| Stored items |
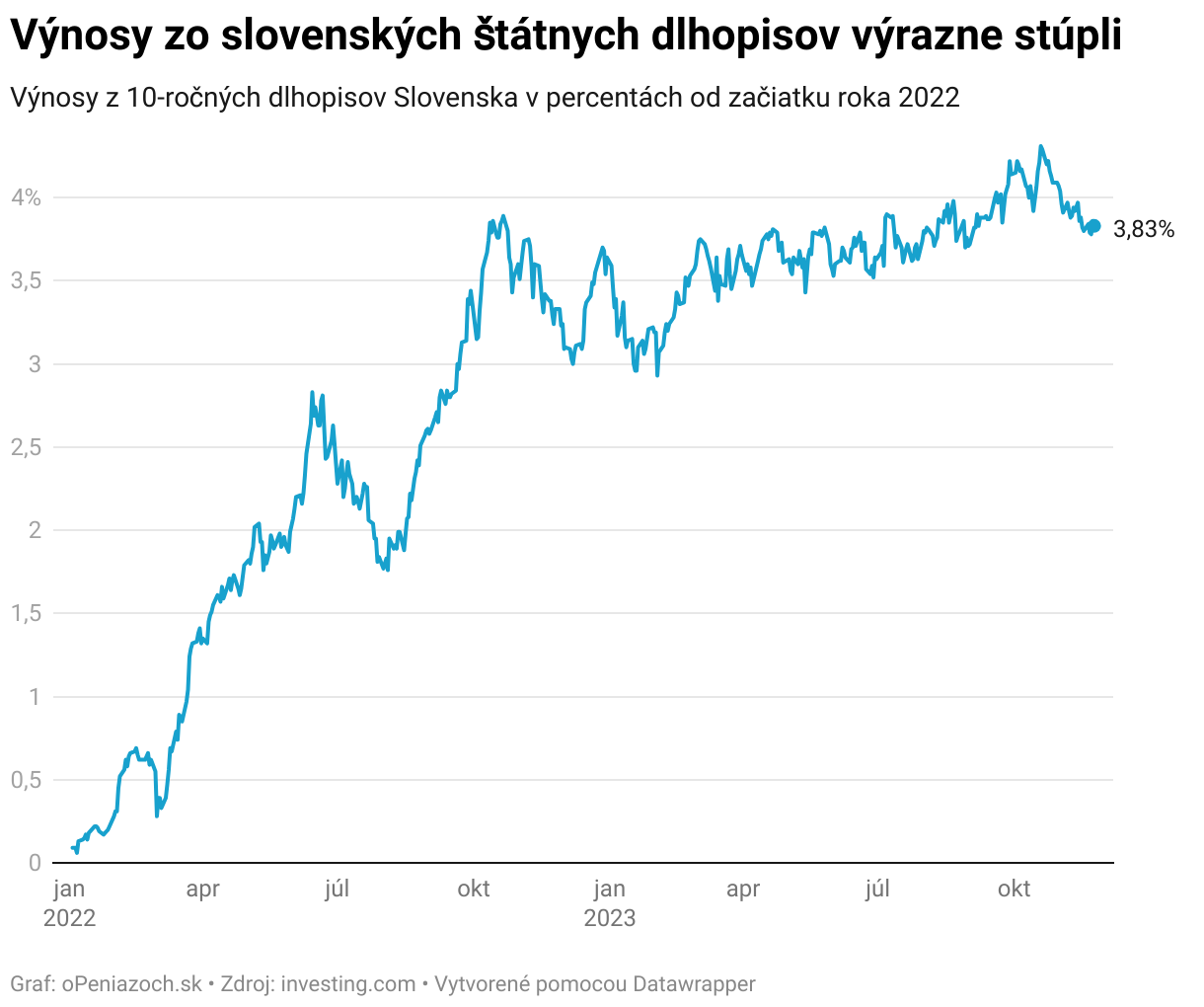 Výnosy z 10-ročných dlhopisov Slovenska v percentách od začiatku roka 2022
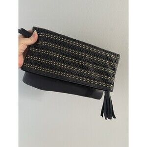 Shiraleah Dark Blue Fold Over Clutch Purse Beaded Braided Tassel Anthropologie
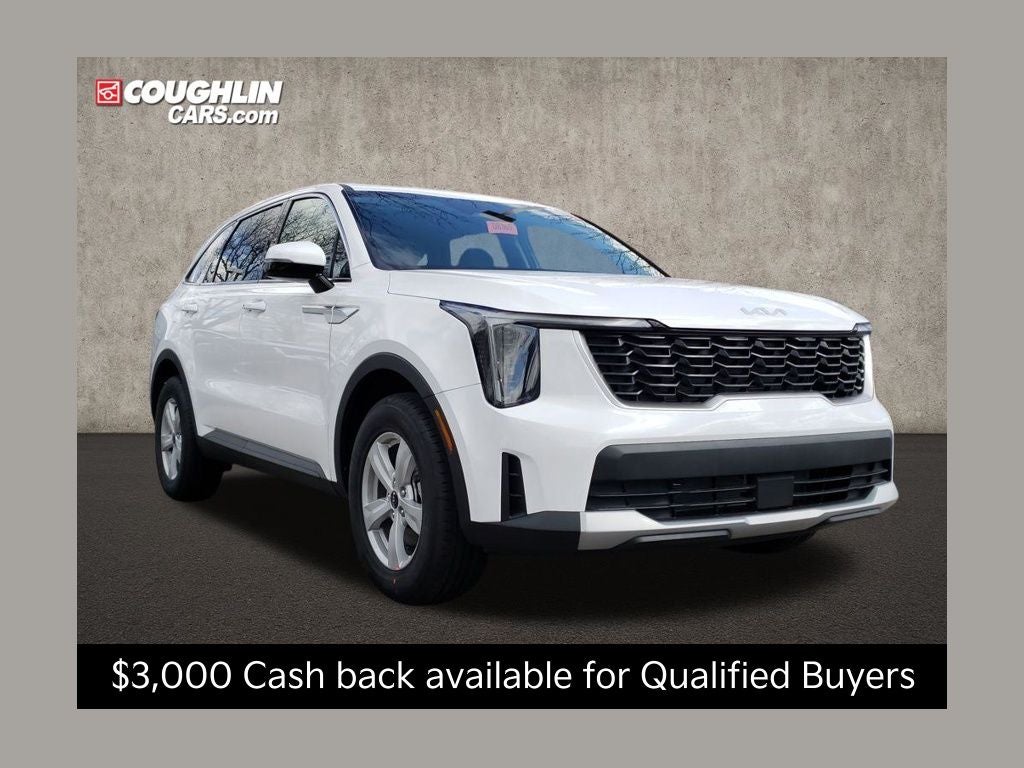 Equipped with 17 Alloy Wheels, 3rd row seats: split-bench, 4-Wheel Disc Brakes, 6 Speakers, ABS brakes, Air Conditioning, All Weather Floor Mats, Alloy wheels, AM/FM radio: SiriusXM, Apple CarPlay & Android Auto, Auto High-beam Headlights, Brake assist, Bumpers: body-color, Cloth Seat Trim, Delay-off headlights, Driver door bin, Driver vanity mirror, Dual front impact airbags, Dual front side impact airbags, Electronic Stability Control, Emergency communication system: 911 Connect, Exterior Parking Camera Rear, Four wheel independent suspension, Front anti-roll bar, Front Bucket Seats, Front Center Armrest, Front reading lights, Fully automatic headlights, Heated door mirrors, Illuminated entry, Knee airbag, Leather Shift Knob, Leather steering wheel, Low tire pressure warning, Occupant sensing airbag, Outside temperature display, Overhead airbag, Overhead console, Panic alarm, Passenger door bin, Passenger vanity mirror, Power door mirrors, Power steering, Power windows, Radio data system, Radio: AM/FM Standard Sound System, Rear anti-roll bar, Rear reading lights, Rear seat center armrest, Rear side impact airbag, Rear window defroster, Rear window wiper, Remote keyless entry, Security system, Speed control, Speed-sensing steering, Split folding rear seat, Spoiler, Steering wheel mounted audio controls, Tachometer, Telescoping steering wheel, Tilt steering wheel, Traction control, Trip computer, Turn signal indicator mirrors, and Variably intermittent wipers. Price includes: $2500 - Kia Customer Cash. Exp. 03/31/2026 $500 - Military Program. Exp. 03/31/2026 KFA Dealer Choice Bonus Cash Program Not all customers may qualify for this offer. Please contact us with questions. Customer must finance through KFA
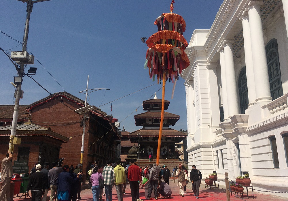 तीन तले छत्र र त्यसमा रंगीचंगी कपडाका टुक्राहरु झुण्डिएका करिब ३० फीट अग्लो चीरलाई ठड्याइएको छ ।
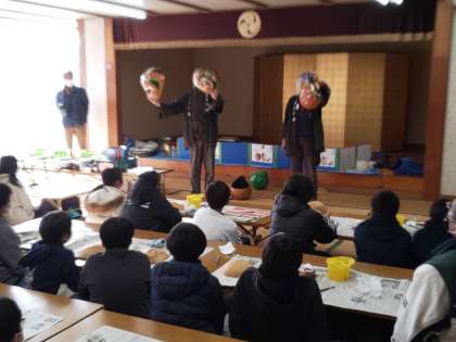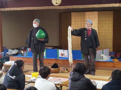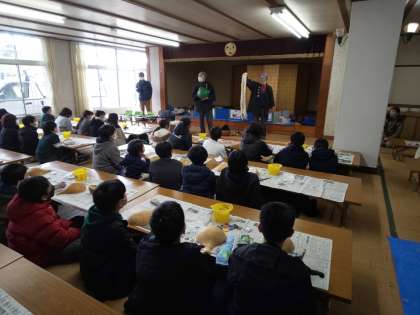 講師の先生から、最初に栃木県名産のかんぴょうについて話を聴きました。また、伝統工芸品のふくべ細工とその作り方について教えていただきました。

| Exercise objective |
Print each record exactly as it stands, skipping the pictures.

| Exercise answer |
 Výnosy z 10-ročných dlhopisov Slovenska v percentách od začiatku roka 2022
 Shiraleah Dark Blue Fold Over Clutch Purse Beaded Braided Tassel Anthropologie
 Equipped with 17 Alloy Wheels, 3rd row seats: split-bench, 4-Wheel Disc Brakes, 6 Speakers, ABS brakes, Air Conditioning, All Weather Floor Mats, Alloy wheels, AM/FM radio: SiriusXM, Apple CarPlay & Android Auto, Auto High-beam Headlights, Brake assist, Bumpers: body-color, Cloth Seat Trim, Delay-off headlights, Driver door bin, Driver vanity mirror, Dual front impact airbags, Dual front side impact airbags, Electronic Stability Control, Emergency communication system: 911 Connect, Exterior Parking Camera Rear, Four wheel independent suspension, Front anti-roll bar, Front Bucket Seats, Front Center Armrest, Front reading lights, Fully automatic headlights, Heated door mirrors, Illuminated entry, Knee airbag, Leather Shift Knob, Leather steering wheel, Low tire pressure warning, Occupant sensing airbag, Outside temperature display, Overhead airbag, Overhead console, Panic alarm, Passenger door bin, Passenger vanity mirror, Power door mirrors, Power steering, Power windows, Radio data system, Radio: AM/FM Standard Sound System, Rear anti-roll bar, Rear reading lights, Rear seat center armrest, Rear side impact airbag, Rear window defroster, Rear window wiper, Remote keyless entry, Security system, Speed control, Speed-sensing steering, Split folding rear seat, Spoiler, Steering wheel mounted audio controls, Tachometer, Telescoping steering wheel, Tilt steering wheel, Traction control, Trip computer, Turn signal indicator mirrors, and Variably intermittent wipers. Price includes: $2500 - Kia Customer Cash. Exp. 03/31/2026 $500 - Military Program. Exp. 03/31/2026 KFA Dealer Choice Bonus Cash Program Not all customers may qualify for this offer. Please contact us with questions. Customer must finance through KFA
 तीन तले छत्र र त्यसमा रंगीचंगी कपडाका टुक्राहरु झुण्डिएका करिब ३० फीट अग्लो चीरलाई ठड्याइएको छ ।
 講師の先生から、最初に栃木県名産のかんぴょうについて話を聴きました。また、伝統工芸品のふくべ細工とその作り方について教えていただきました。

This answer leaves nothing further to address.